A new study from University Hospitals Case Medical Center (UHCMC) finds that elderly patients 75 years old and older-- with malignant brain tumors are not treated as aggressively as patients between 65 and 75 years old. Furthermore, the researchers find that if patients over 75 years old are treated aggressively, such as with surgery and radiation, they have better survival rates. The findings appear in the April issue of the Journal of Neurosurgery.

Using the Surveillance, Epidemiology and End Results (SEER) Medicare-linked database, the researchers led by Jill S. Barnholtz-Sloan, Ph.D., of the Comprehensive Cancer Center at Case Western Reserve University and University Hospitals, looked at the records of 1753 patients who were treated for glioblastoma multiforme (GBM) and of 205 patients treated for anaplastic astrocytoma (AA) between 1991 and 1999. GBMs are the most common malignant brain tumors in adults. AAs are less common, but are treated similarly to GBMs. Both have a poor prognosis, and as the American population ages, the incidence of these brain tumors is on the rise.

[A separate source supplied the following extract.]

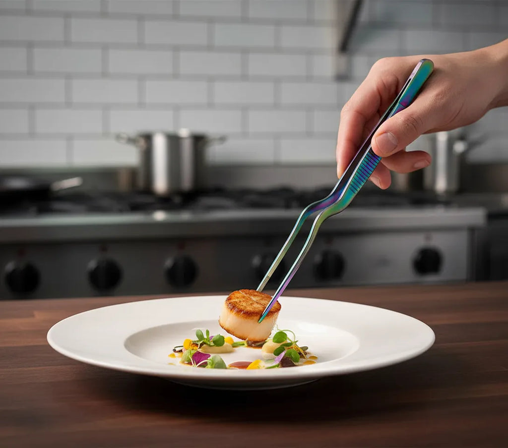 La pinza de precisión TITAN RAINBOW LACOR combina funcionalidad profesional con un espectacular acabado de titanio arcoíris. Fabricada en acero inoxidable 18/10 de máxima calidad, es la herramienta perfecta tanto para chefs profesionales como para cocineros caseros que buscan estilo y rendimiento.

The researchers looked at whether patients received a biopsy only, surgery only, biopsy and radiation, surgery and radiation, or surgery, radiation and chemotherapy.

The odds of undergoing aggressive treatment surgery followed by radiation with or without chemotherapy, which is the standard of care in the United States in younger individuals decreased significantly in individuals who were 75 years old or older, said Dr. Barnholtz-Sloan.

These findings suggest that older patients with brain tumors do not receive the more aggressive, effective therapies and hence have worse survival, she said.

Andrew Sloan, M.D., senior author and a neurological cancer surgeon in the Neurological Institute and Ireland Cancer Center at UHCMC, said, Although there has been a reluctance to aggressively treat elderly patients, this study suggests that neurosurgeons and neuro-oncologists may need to re-examine their approach to these patients.

In an accompanying editorial, E. Antonio Chiocca, M.D., Ph.D., of the James Comprehensive Cancer Center at The Ohio State University Medical Center, writes, The findingsseem to confirm findings from other retrospective and prospective analyses suggesting that treatment of elderly patients with GBM employing multimodal therapies does lead to superior outcomes without affecting their mental abilities or producing unbearable side effects.